INPUT MATERIAL:

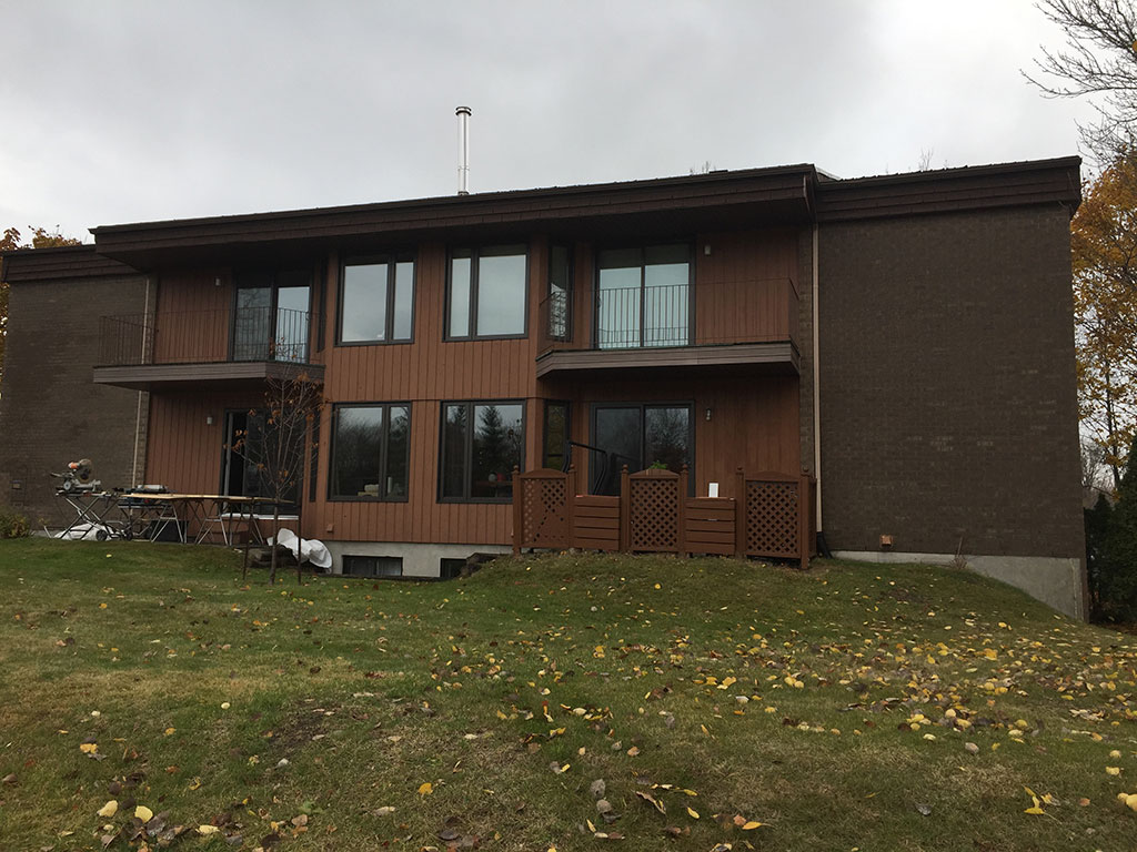 Remplacement des portes et fenêtres, nouvelle toiture, nouveau soffite et fascia.
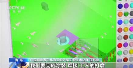 中國船舶青島北海造船養(yǎng)殖工船技術總師 王偉堂:魚排是第一次用在船舶上,整個魚排空間比較小,首先考慮就是怎么來裝。在很小的空間內,我們要完成涂裝、焊接、工人的打磨,還有系統調試。我們前期跟設計院做了深入的探討,尋求了一個最佳的方案,就形成了目前這個狀態(tài)。
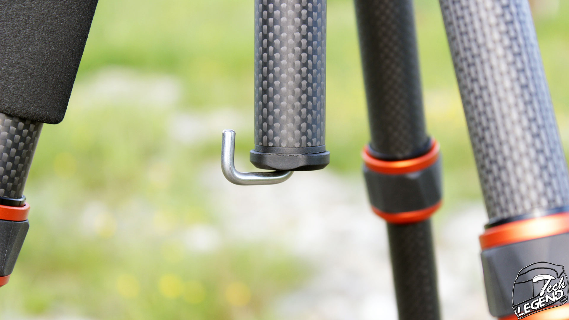At the bottom of the tripod body there is a spring-loaded hook. This hook can be used for two things: hold your back when not in use, or attach a weight to press on the tripod and increase its stability.
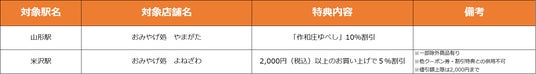 【山形県】特典対象店舗・特典内容
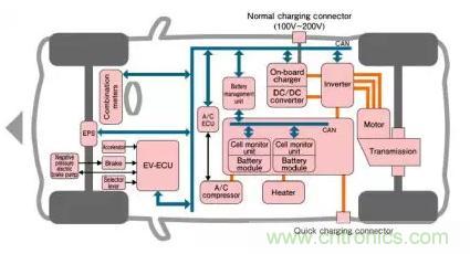 圖1:汽車EV系統(tǒng)架構(gòu)示例
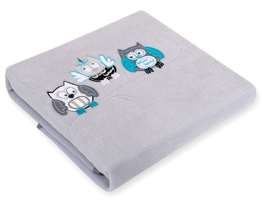 Kocyk polarowy dla niemowląt – Sowy Bigi Zibi & Adele- szaro-turkusowy
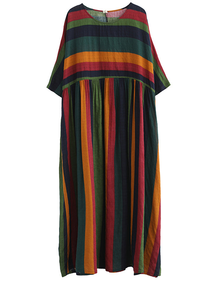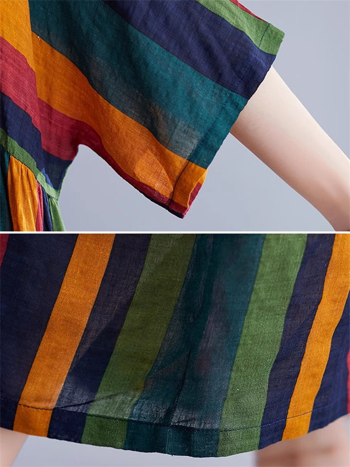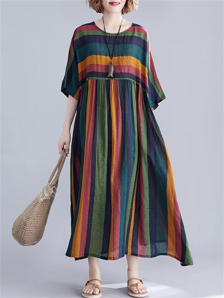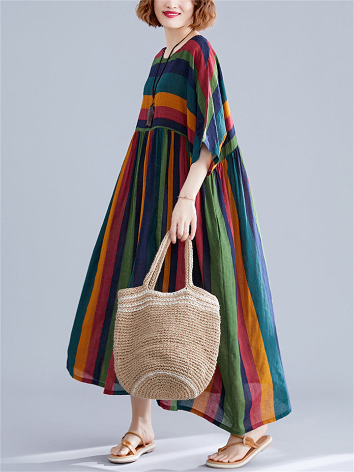 Summer Rainbow Stripes Vacation Long Dress for Women
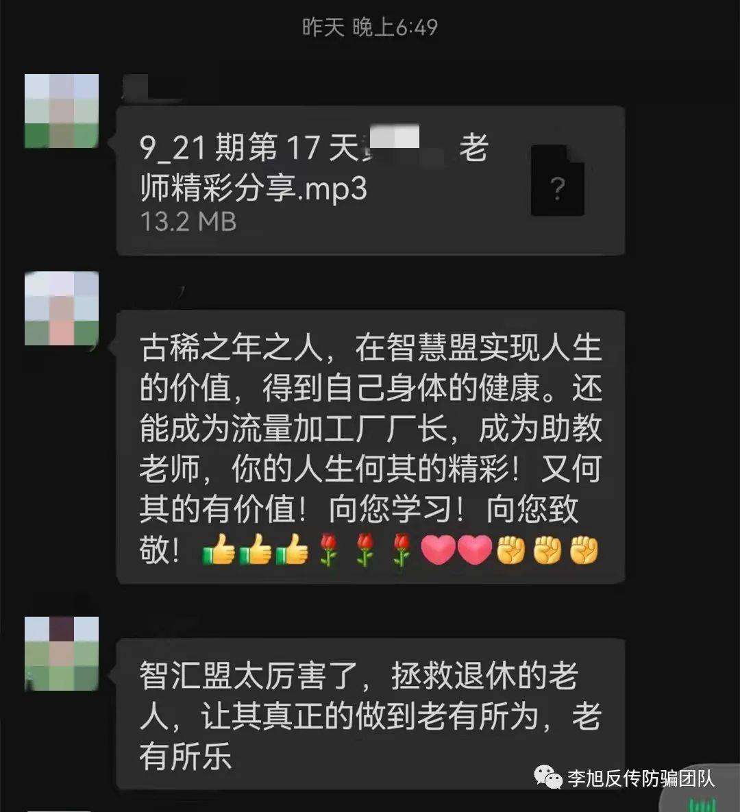 前段時間,李旭反傳防騙團隊接到多位網(wǎng)友的反饋,稱其家人加入智匯盟的131社群之后性情大變,懷疑該培訓(xùn)涉嫌精神傳銷有害培訓(xùn)。針對此事,李旭反傳防騙團隊編輯文章全網(wǎng)發(fā)布。
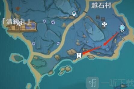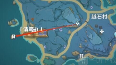 從越石村西側(cè)傳送錨點(diǎn)處向西抵達(dá)清籟丸地區(qū)之后的西側(cè)的一處沿岸的石板處,將拍攝視角轉(zhuǎn)向東方向即可:
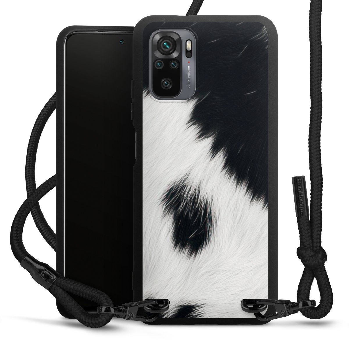 The matt black silicone case is made of flexible TPU (thermoplastic polyurethane) and offers robust protection. The durable, unbreakable material makes the cover flexible and dimensionally stable at the same time. The matte surface makes your design stand out more and is less susceptible to fingerprints and dirt. The stylish trend accessory fits comfortably in the hand and is perfectly complemented by the fabric (polyester) mobile phone strap. The braided fabric strap is approx. 1.70 metres long with a diameter of approx. 0.5 cm. Due to the special knotting technique, the length of the strap can be adjusted by simply pulling it, so that you can adapt it individually to your wishes. The practical case to wear around your neck is available with the fabric strap in black. As a little icing on the cake, we have provided the strap with a chic metal fastener in matt black. The strap is securely fastened to the case with loops made of high-quality genuine leather and press studs. The ends of the fabric strap are covered with metallic end caps and thus protected from fraying.
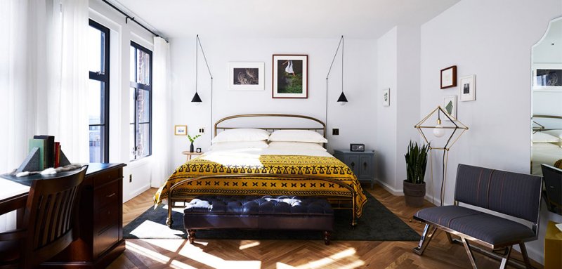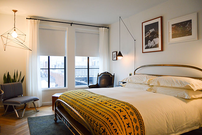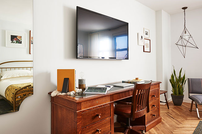 Стены остались белыми, что не отвлекает от эклектичной меблировки. Полы — паркетные с раскладкой шевроном. В каждом номере стоит кровать с латунным корпусом и крепкий дубовый письменный стол. Есть здесь и книжные стеллажи, заполненные изданиями из магазина Idle Times Books. Line DC также может похвастаться тренажерным залом, просторной крышей и собственной радиостанцией.
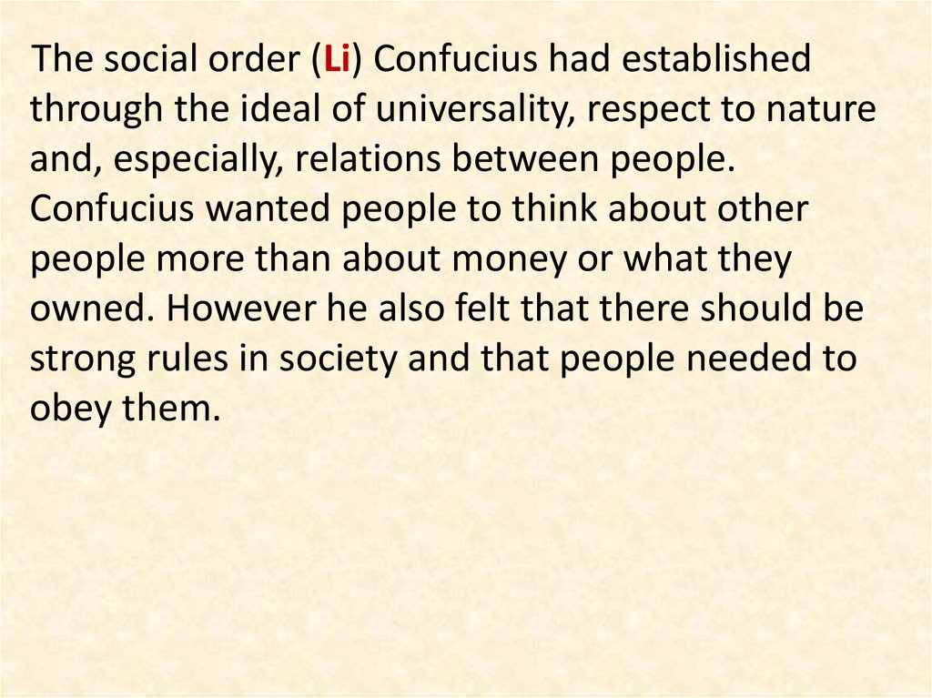 The social order (Li) Confucius had establishedthrough the ideal of universality, respect to nature

EXERCISE BRIEF: Nothing outside the stretch above, from the line with "中國船舶青島北海造船養(yǎ" through the line with "從越石村西側(cè)傳送錨點", is set down. Transcribe that stretch exactly, ends included, but not its pictures.

SOLUTION TO THIS TASK:
 中國船舶青島北海造船養(yǎng)殖工船技術總師 王偉堂:魚排是第一次用在船舶上,整個魚排空間比較小,首先考慮就是怎么來裝。在很小的空間內,我們要完成涂裝、焊接、工人的打磨,還有系統調試。我們前期跟設計院做了深入的探討,尋求了一個最佳的方案,就形成了目前這個狀態(tài)。
At the bottom of the tripod body there is a spring-loaded hook. This hook can be used for two things: hold your back when not in use, or attach a weight to press on the tripod and increase its stability.
 【山形県】特典対象店舗・特典内容
 圖1:汽車EV系統(tǒng)架構(gòu)示例
 Kocyk polarowy dla niemowląt – Sowy Bigi Zibi & Adele- szaro-turkusowy
 Summer Rainbow Stripes Vacation Long Dress for Women
 前段時間,李旭反傳防騙團隊接到多位網(wǎng)友的反饋,稱其家人加入智匯盟的131社群之后性情大變,懷疑該培訓(xùn)涉嫌精神傳銷有害培訓(xùn)。針對此事,李旭反傳防騙團隊編輯文章全網(wǎng)發(fā)布。
 從越石村西側(cè)傳送錨點(diǎn)處向西抵達(dá)清籟丸地區(qū)之后的西側(cè)的一處沿岸的石板處,將拍攝視角轉(zhuǎn)向東方向即可:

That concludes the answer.